=== DATA TO PROCESS ===

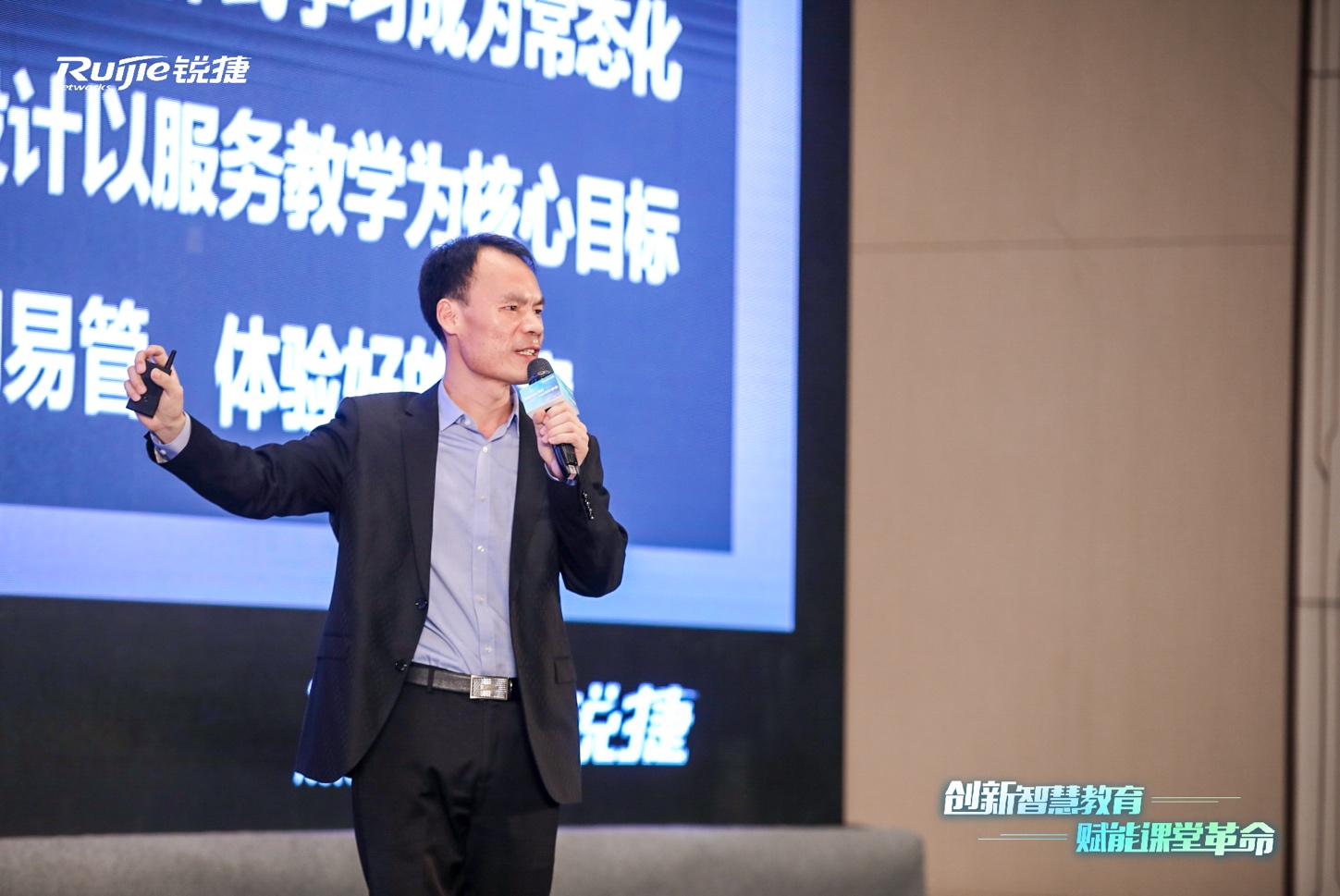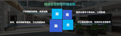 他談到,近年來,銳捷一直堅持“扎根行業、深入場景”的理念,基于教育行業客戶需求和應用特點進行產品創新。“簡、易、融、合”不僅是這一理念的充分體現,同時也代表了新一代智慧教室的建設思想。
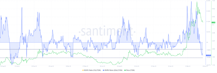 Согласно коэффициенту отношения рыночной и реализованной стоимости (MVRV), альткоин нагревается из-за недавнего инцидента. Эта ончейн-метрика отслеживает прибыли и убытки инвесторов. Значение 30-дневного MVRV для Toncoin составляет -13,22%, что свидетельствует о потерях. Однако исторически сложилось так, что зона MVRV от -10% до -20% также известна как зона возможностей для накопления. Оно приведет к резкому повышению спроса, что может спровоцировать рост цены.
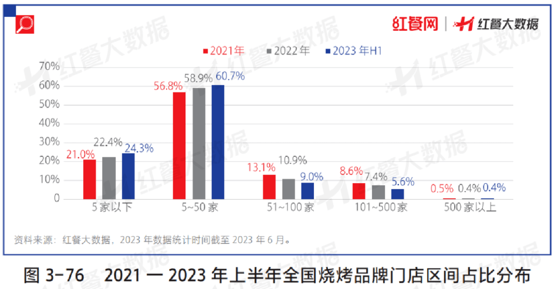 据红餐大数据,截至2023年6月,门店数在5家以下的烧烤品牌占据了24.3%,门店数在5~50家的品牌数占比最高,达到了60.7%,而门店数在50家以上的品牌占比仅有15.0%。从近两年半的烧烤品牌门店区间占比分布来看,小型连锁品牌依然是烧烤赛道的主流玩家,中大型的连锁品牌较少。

===
=== DATA TO PROCESS ===

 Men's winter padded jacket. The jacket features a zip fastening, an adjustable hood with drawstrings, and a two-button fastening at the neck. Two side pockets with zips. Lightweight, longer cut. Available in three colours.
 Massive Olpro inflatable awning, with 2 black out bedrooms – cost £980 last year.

===

● **THE TASK**
Whenever the string "with" occurs in a line of the entries above, copy that line.

● **ANSWER AREA**
 Men's winter padded jacket. The jacket features a zip fastening, an adjustable hood with drawstrings, and a two-button fastening at the neck. Two side pockets with zips. Lightweight, longer cut. Available in three colours.
 Massive Olpro inflatable awning, with 2 black out bedrooms – cost £980 last year.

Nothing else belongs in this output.